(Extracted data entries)
::::::::::

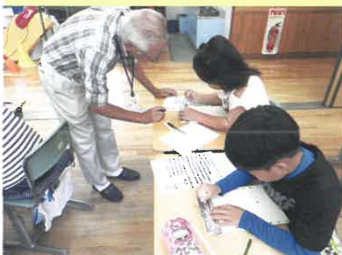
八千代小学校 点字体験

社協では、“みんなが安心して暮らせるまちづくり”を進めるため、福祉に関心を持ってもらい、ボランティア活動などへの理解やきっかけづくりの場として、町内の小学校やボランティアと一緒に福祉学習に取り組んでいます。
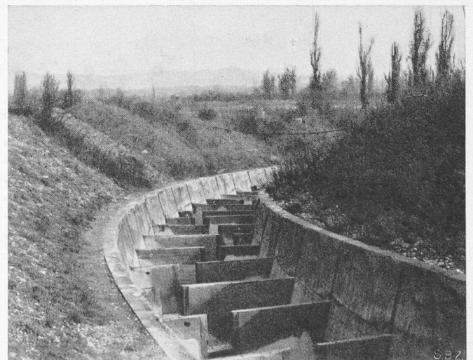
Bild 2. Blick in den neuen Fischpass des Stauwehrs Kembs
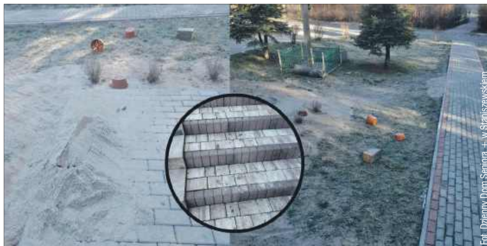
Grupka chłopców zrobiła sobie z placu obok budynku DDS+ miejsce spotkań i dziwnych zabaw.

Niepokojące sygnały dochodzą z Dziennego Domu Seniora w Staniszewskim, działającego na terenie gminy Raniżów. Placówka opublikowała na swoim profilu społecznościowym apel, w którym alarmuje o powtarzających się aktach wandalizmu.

::::::::::

* **INSTRUCTIONS TO FOLLOW**:
Each line above should be written out again exactly, and no picture should appear in the copy.

* **TASK RESULT**:
八千代小学校 点字体験

社協では、“みんなが安心して暮らせるまちづくり”を進めるため、福祉に関心を持ってもらい、ボランティア活動などへの理解やきっかけづくりの場として、町内の小学校やボランティアと一緒に福祉学習に取り組んでいます。
Bild 2. Blick in den neuen Fischpass des Stauwehrs Kembs
Grupka chłopców zrobiła sobie z placu obok budynku DDS+ miejsce spotkań i dziwnych zabaw.

Niepokojące sygnały dochodzą z Dziennego Domu Seniora w Staniszewskim, działającego na terenie gminy Raniżów. Placówka opublikowała na swoim profilu społecznościowym apel, w którym alarmuje o powtarzających się aktach wandalizmu.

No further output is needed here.